Combining the first dimension and the second dimension of the first intermediate input feature into the target dimension by using a first preset algorithm to generate a second intermediate input feature;

slicing the second intermediate input feature according to the target dimension to obtain a plurality of slice features;

wherein the first dimension is the height of the first intermediate input feature and the second dimension is the width of the first intermediate input feature;

the matrix multiplication module converts the data structure of the input features from NCHW to NC4HW 4.

2. The method according to claim 1, wherein after slicing the second intermediate input feature according to the target dimension to obtain the plurality of slice features, the method further comprises:

acquiring a convolution kernel parameter of the target convolution kernel;

and rearranging the data structure of the slice characteristic according to the convolution kernel parameter.

3. The method according to claim 1, wherein after slicing the second intermediate input feature according to the target dimension to obtain the plurality of slice features, the method further comprises:

Adjusting the data structure of the slice feature according to the third dimension of the slice feature;

wherein the third dimension is an output channel dimension of the slice feature.

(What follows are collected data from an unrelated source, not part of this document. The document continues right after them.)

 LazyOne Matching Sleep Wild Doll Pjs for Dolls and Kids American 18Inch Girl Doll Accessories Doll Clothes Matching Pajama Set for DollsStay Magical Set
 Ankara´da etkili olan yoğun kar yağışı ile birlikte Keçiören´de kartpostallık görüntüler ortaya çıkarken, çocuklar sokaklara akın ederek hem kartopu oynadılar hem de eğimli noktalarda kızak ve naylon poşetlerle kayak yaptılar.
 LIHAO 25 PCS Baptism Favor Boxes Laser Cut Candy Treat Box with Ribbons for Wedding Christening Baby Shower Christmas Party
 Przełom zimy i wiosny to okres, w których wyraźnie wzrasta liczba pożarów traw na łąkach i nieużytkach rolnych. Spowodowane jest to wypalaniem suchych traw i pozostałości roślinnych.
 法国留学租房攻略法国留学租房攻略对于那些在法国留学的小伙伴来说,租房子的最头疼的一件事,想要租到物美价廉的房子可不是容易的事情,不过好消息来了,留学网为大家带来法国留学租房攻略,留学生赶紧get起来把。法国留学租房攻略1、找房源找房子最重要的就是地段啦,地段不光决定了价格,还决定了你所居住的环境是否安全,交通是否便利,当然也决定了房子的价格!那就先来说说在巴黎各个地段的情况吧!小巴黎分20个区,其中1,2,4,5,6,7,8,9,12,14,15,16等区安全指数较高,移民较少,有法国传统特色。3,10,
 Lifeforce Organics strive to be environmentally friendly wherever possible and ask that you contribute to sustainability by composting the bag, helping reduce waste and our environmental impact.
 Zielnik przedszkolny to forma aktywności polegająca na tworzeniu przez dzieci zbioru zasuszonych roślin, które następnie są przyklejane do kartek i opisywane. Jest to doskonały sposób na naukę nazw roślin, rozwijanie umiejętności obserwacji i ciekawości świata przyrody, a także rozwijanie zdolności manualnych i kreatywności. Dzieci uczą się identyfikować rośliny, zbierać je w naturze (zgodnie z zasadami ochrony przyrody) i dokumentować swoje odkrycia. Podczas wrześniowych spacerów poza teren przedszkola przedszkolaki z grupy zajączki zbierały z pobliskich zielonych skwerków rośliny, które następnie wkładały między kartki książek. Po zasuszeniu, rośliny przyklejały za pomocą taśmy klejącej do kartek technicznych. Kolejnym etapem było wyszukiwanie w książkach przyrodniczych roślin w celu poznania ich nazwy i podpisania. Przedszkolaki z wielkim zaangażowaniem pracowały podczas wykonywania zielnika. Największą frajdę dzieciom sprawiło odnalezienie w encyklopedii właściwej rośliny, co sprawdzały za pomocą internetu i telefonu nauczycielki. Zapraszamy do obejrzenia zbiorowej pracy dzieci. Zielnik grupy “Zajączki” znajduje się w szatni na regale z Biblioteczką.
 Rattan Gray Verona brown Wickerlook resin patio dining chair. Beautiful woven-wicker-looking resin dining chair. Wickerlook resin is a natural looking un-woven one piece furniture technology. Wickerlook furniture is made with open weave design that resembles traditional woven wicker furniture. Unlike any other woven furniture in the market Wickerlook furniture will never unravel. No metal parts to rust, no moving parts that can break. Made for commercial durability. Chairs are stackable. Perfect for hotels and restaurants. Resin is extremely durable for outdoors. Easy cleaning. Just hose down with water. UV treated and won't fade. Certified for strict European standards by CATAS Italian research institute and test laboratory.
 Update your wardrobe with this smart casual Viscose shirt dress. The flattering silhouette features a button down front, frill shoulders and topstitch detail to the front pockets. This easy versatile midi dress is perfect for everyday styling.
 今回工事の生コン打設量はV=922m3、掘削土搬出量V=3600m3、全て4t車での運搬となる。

4. A data processing method according to claim 3, wherein said adjusting the data structure of the slice feature according to the third dimension of the slice feature comprises:

maintaining the number of output channels if the number of output channels is divisible by a preset value;

increasing the output channels so that the number of the output channels can be divided by a preset value in the case that the number of the output channels cannot be divided by the preset value;

wherein the data of other dimensions in the added output channel are all set to 0.

5. The data processing method of claim 1, wherein generating an output feature from a plurality of the intermediate features comprises:

and splicing the plurality of intermediate features according to the first dimension and the second dimension to generate the output features.

6. A data processing apparatus, comprising:

the device comprises an acquisition unit, a processing unit and a processing unit, wherein the acquisition unit is used for acquiring data to be processed, and the data to be processed comprises voice data and/or image data;

The first processing unit is used for processing the data to be processed based on the neural network obtained by the neural network optimization method to obtain a processing result;

an optimizing apparatus of a neural network, the optimizing apparatus of the neural network comprising:

the conversion unit is used for extracting a convolution layer in the neural network and converting a data structure of a convolution kernel in the convolution layer to obtain a target convolution kernel;

the second processing unit is used for slicing the input features of the convolution layer according to the target dimension to obtain a plurality of slice features;

the generating unit is used for inputting one slice feature and the target convolution kernel into the matrix multiplication module to generate an intermediate feature corresponding to the slice feature; and

converting the data structure of the intermediate features into the same data structure as the data structure of the input features, and then generating output features according to a plurality of the intermediate features;

7. A RISCV device supporting a RISC-V Vector extended instruction set, characterized in that the RISCV device has means for implementing a data processing method according to any of claims 1 to 5 deployed thereon.

8. A readable storage medium, characterized in that the readable storage medium has stored thereon a program or instructions which, when executed by a processor, implement the steps of the data processing method according to any of claims 1 to 5.

9. A chip comprising a program or instructions for implementing the steps of the data processing method according to any one of claims 1 to 5 when said chip is run.